-------- LISTED RECORDS
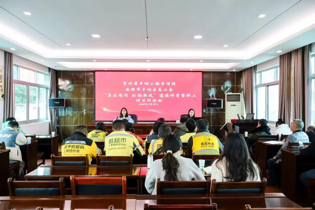 近日,貴州省安順市平壩區(qū)總工會與貴州省平壩公路管理段聯(lián)合舉辦了“與法同行 弘揚新風(fēng)”職工講習(xí)所宣講宣傳活動,旨在加強法治宣傳,提升干部職工法律意識,助力精神文明與廉潔文化建設(shè)?;顒游似綁螀^(qū)總工會代表、京平環(huán)衛(wèi)工人、美團騎手及平壩公路管理段職工等 50余名新就業(yè)形態(tài)勞動者參與。
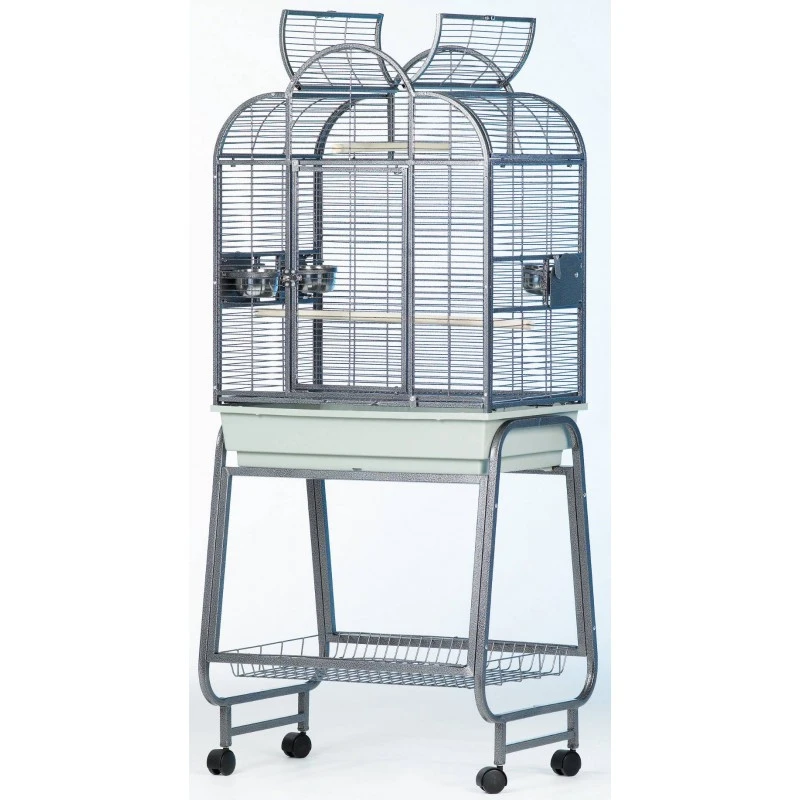 Livrée avec 2 perchoirs et 3 mangeoires.
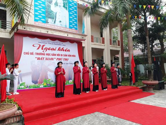Mới đây nhất (ngày 22/3), tại Trường THCS Phượng Lâu (thành phố Việt Trì) đã tổ chức chương trình ngoại khóa với Chủ đề “Trường học gắn với Di sản văn hóa hát Xoan Phú Thọ”.
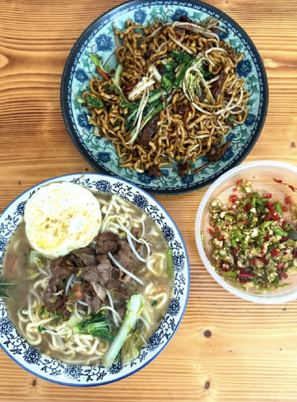一盆酱色油亮的羊肉炒面端上桌,热气蒸腾,瞬间唤醒了所有沉睡的味蕾。羊肉软嫩,青菜翠绿,而真正的主角,是根根分明的手工面条。夹起一筷,入口的瞬间,便能清晰地感受到极富韧性的弹牙感。咀嚼时,纯粹的面香与浓郁的麦味便在口中漫溢开来。
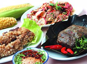 ●鴻園雲南美食 .價格:涼拌叉燒(100元)、豬腦煎蛋(70元)、脆皮鍋燒(150元)、葉子包肉(100元)、鍋子菜湯(150元)、醃菜炒肉(100元) .地址:中和市忠孝街2-7號 .電話:02-2944-4391 |
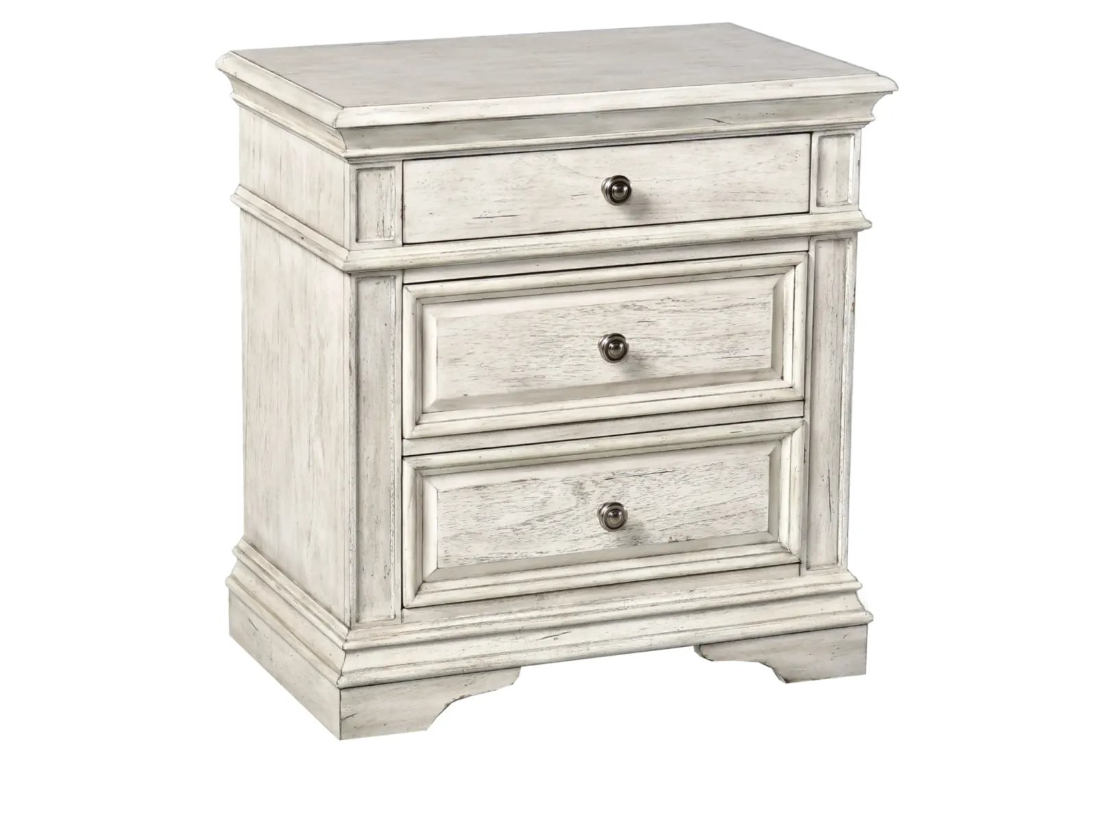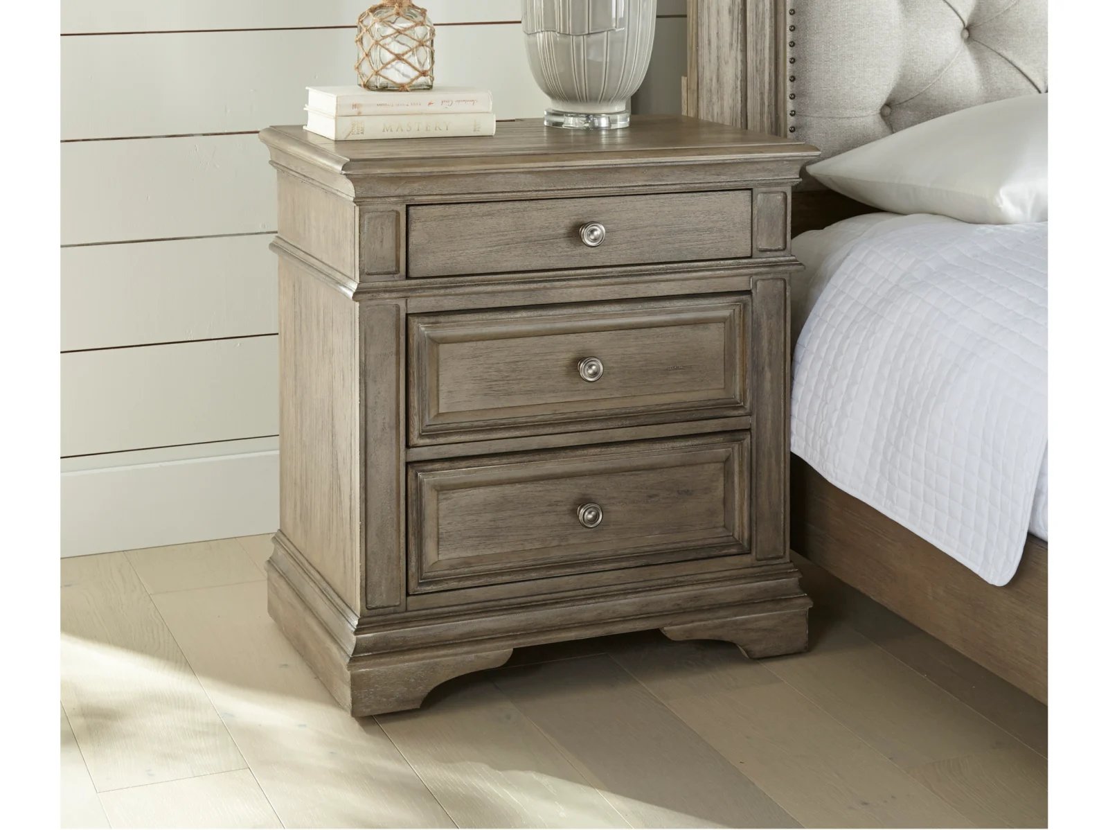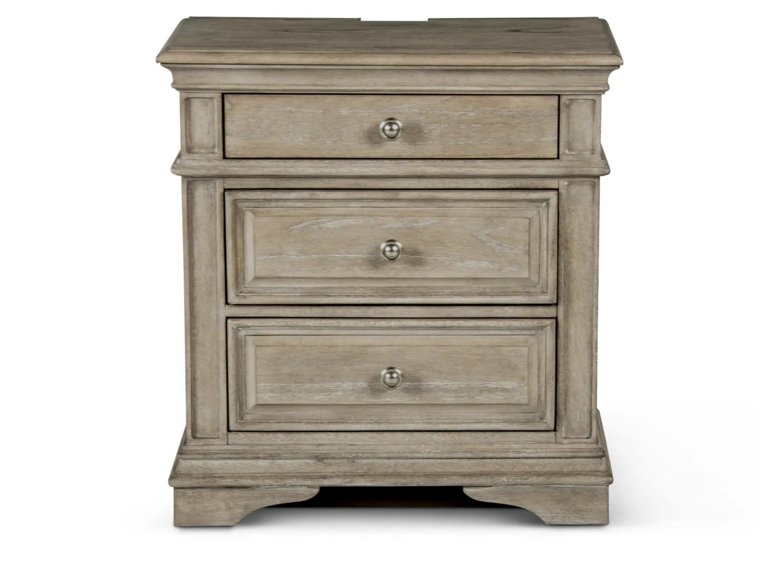 & Free ShippingThe Hylia Nightstand comes packed with impressive features; a lustrous Driftwood finish, nickel hardware and substantial wraparound modding on base, top and between drawers. The vintaged styling elegance balances the Intricate details in a package that leans toward a farmhouse inspiration. But there is nothing retro about the built-in function of this piece: a ;built-in charging station ensures all your gadgets stay charged with two outlets and 2 USB chargers, freeing up valuable bedroom outlets. Dual drawers offer great bedside storage options and help complete your bedroom in a stylish configuration.
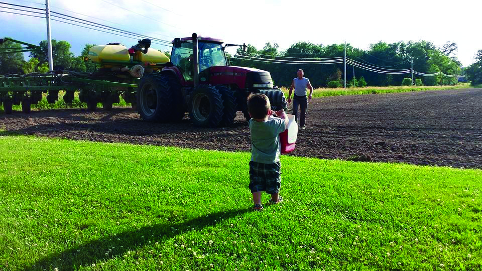 Silas Shake carries supper to his dad, Lucas Shake, in their field in Linton, Indiana.
----------------
The records above should be returned exactly, with only their pictures held back.

 近日,貴州省安順市平壩區(qū)總工會與貴州省平壩公路管理段聯(lián)合舉辦了“與法同行 弘揚新風(fēng)”職工講習(xí)所宣講宣傳活動,旨在加強法治宣傳,提升干部職工法律意識,助力精神文明與廉潔文化建設(shè)?;顒游似綁螀^(qū)總工會代表、京平環(huán)衛(wèi)工人、美團騎手及平壩公路管理段職工等 50余名新就業(yè)形態(tài)勞動者參與。
 Livrée avec 2 perchoirs et 3 mangeoires.
Mới đây nhất (ngày 22/3), tại Trường THCS Phượng Lâu (thành phố Việt Trì) đã tổ chức chương trình ngoại khóa với Chủ đề “Trường học gắn với Di sản văn hóa hát Xoan Phú Thọ”.
一盆酱色油亮的羊肉炒面端上桌,热气蒸腾,瞬间唤醒了所有沉睡的味蕾。羊肉软嫩,青菜翠绿,而真正的主角,是根根分明的手工面条。夹起一筷,入口的瞬间,便能清晰地感受到极富韧性的弹牙感。咀嚼时,纯粹的面香与浓郁的麦味便在口中漫溢开来。
 ●鴻園雲南美食 .價格:涼拌叉燒(100元)、豬腦煎蛋(70元)、脆皮鍋燒(150元)、葉子包肉(100元)、鍋子菜湯(150元)、醃菜炒肉(100元) .地址:中和市忠孝街2-7號 .電話:02-2944-4391 |
 & Free ShippingThe Hylia Nightstand comes packed with impressive features; a lustrous Driftwood finish, nickel hardware and substantial wraparound modding on base, top and between drawers. The vintaged styling elegance balances the Intricate details in a package that leans toward a farmhouse inspiration. But there is nothing retro about the built-in function of this piece: a ;built-in charging station ensures all your gadgets stay charged with two outlets and 2 USB chargers, freeing up valuable bedroom outlets. Dual drawers offer great bedside storage options and help complete your bedroom in a stylish configuration.
 Silas Shake carries supper to his dad, Lucas Shake, in their field in Linton, Indiana.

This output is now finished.